Extraction towers of the just described type have been constructed in the past for ever increasing throughput capacities calling respectively for ever increasing dimensions. However, such increasing dimensions result in problems regarding the uniform distribution of the cossettes as well as of the flow of the juice in the bottom area of the tower. It has been found, that such problems cannot be properly solved by the prior art feed-in devices for the cossettes and by the juice extraction devices known heretofore.
It has been customary heretofore for a long time to supply the sugar beet cossettes into the lower tower area near the bottom of the tower through an opening in the vertical tower housing adjacent to the bottom thereof. This may be accomplished through supply conduit means directly connected to the bottom area of the tower housing through the lateral wall thereof. Another way of accomplishing this feed supply is disclosed in German Patent Publication (DOS) No. 2,106,464, wherein a screening feed screw is employed for this purpose. However, where large tower diameters are involved, it is to be expected and hardly avoidable that inside the tower directly adjacent to the inlet port cossettes accumulate at least temporarily. Such accumulation of cossettes will be distributed only when the cossettes distributing device rotating with the conveyor shaft enters into and passes through the area of cossettes accumulation. The proper leaching and juice extraction is at least impeded during such accumulation of cossettes since the intense cossettes liquid contact does not take place in such accumulations, whereby the total extraction time is prolonged and the total length of the contact path between cossettes and leaching liquid is reduced.

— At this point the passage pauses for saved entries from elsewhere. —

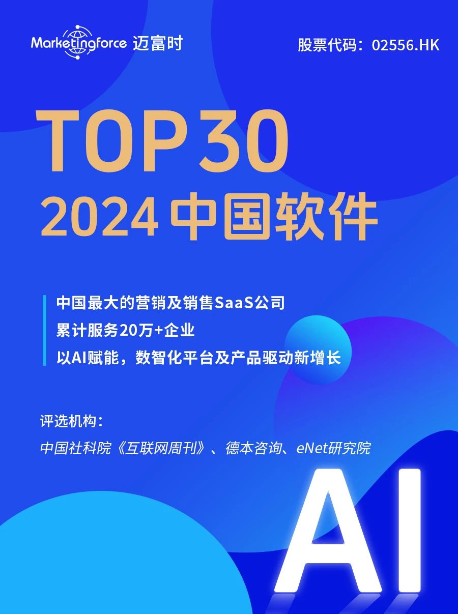 今日,中国社科院《互联网周刊》、德本咨询、eNet研究院联合重磅发布了《2024中国软件150强》榜单,Marketingforce迈富时(珍岛集团)位居前30名。Marketingforce已经连续四年入选该榜单,且排名逐年上升,彰显了公司在软件服务及技术创新方面的持续进步和突破。
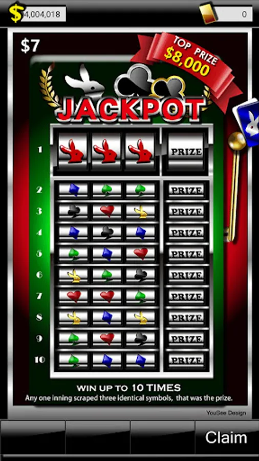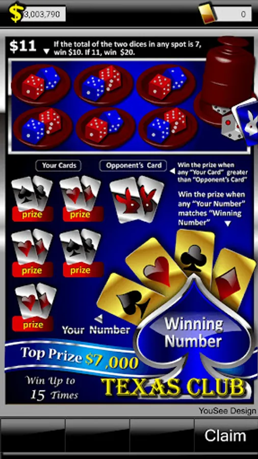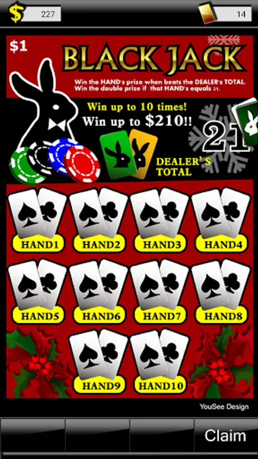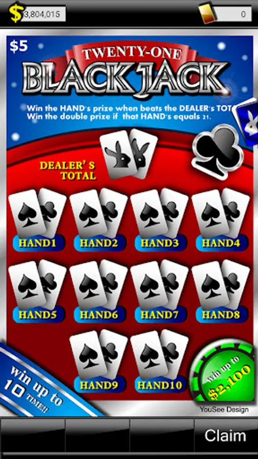 There are several popular casino style lottery tickets like Poker, Slots, Blackjack, Roulette, 777…and more.
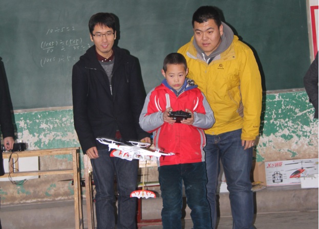 12月9日上午,空间科学与技术学院师生代表十余人邀请前西安爱乐合唱团团长王虹老师一起,冒着大雪来到蒲城县荆姚镇九年一贯制学校。他们为学校捐赠了大约300余本少儿国学经典读物,设立了爱心图书馆,组建了“诵读国学经典班”,带领孩子们学习《弟子规》;捐赠4架遥控直升机和60套拼装手抛式航模以及天宫1号和车载导弹模型各一套,帮助学校组建了“放梦蓝天”少年航模队,当前大学生们还为孩子们进行了一场精彩的飞行表演。
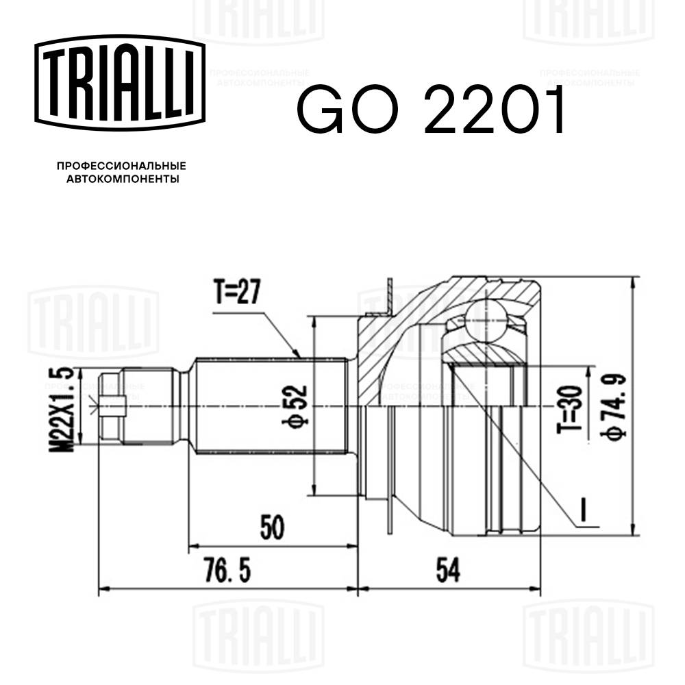 Технічні характеристикиКомплект шарнірів, приводний вал GO 2201 TRIALLI
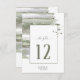 Uma pintura trava aquarela em tons cintilantes de verde-oliva com salpicos de lavanda acentua as peças desta bela suíte de casamento. A carta de número da mesa de casamento mostrada aqui também apresenta uma caligrafia manuscrita elegante e uma modelo para adicionar facilmente seus próprios nomes e data de casamento. Procure ID886 para ver outras peças e opções de cores para este conjunto.

German Patent Publication (DAS) No. 1,003,660 suggests to construct the cossettes feed-in mechanism as a screening conveyor screw arranged below the tower bottom as an extension of the rotational axis of the conveyor shaft of the tower. However, this suggestion cannot be realized in practice because the area in which the cossettes juice mixture would have to be fed into the tower by the screening conveyor screw, is taken up by the guide bearing of the transport shaft. Further, the transport or conveyor shaft in extraction towers of large dimensions also take up a substantial space and thus would substantially overlap the outer diameter zone of the screening feed screw in the radial direction. Even if this problem could be solved, the result would still not be a uniform feeding of the mixture of sugar beet cossettes and juice into the tower because the supply of the mixture into the tower would take place radially inwardly adjacent to the outer diameter area of the conveyor shaft, whereby again an accumulation of cossettes, even if it is only temporary, could not be avoided. The mere difference would be, that the accumulation which in the above described German Patent Publication No. 2,106,464 takes place in the area adjacent to the outer housing walls, has been shifted to an inner or central area adjacent to the conveyor shaft of the tower.
German Patent Publication No. H 11,005 discloses a feed supply device which supplies the mixture of cossettes and juice into the tower at the bottom thereof in such a manner that the mixture is uniformly distributed over the whole radial area of the tower. However, this type of prior art device is suitable only for extraction towers with limited dimensions. Thus, this type of device cannot be used in an economical manner in extraction towers of large and largest or maximum dimensions. This is so because in the apparatus of German Patent Publication No. H 11,005 the feed-in takes place through the conveyor shaft. For this purpose, a cossettes distributor arm is secured to the lower end of the conveyor shaft. A conduit supplies the mixture of cossettes and juice to the rear side of the distributor arm which rotates with the conveyor shaft. However, with the increasing dimensions of a diffusion tower, the cross sectional areas required for the transport of the cossette juice mixture also become larger and larger, which poses substantial problems for the construction of a liquid-tight, rotatable coupling for the feed supply pipe. Further problems are encountered in designing the cross sectional area of the cossettes distributor arm because with the increasing surface area of the distributor arm, there also increases the resistance against the movement of this arm through the tower as well as its displacement effect which occurs during the rotation of the distributor arm within the cossette juice mixture in the tower bottom area.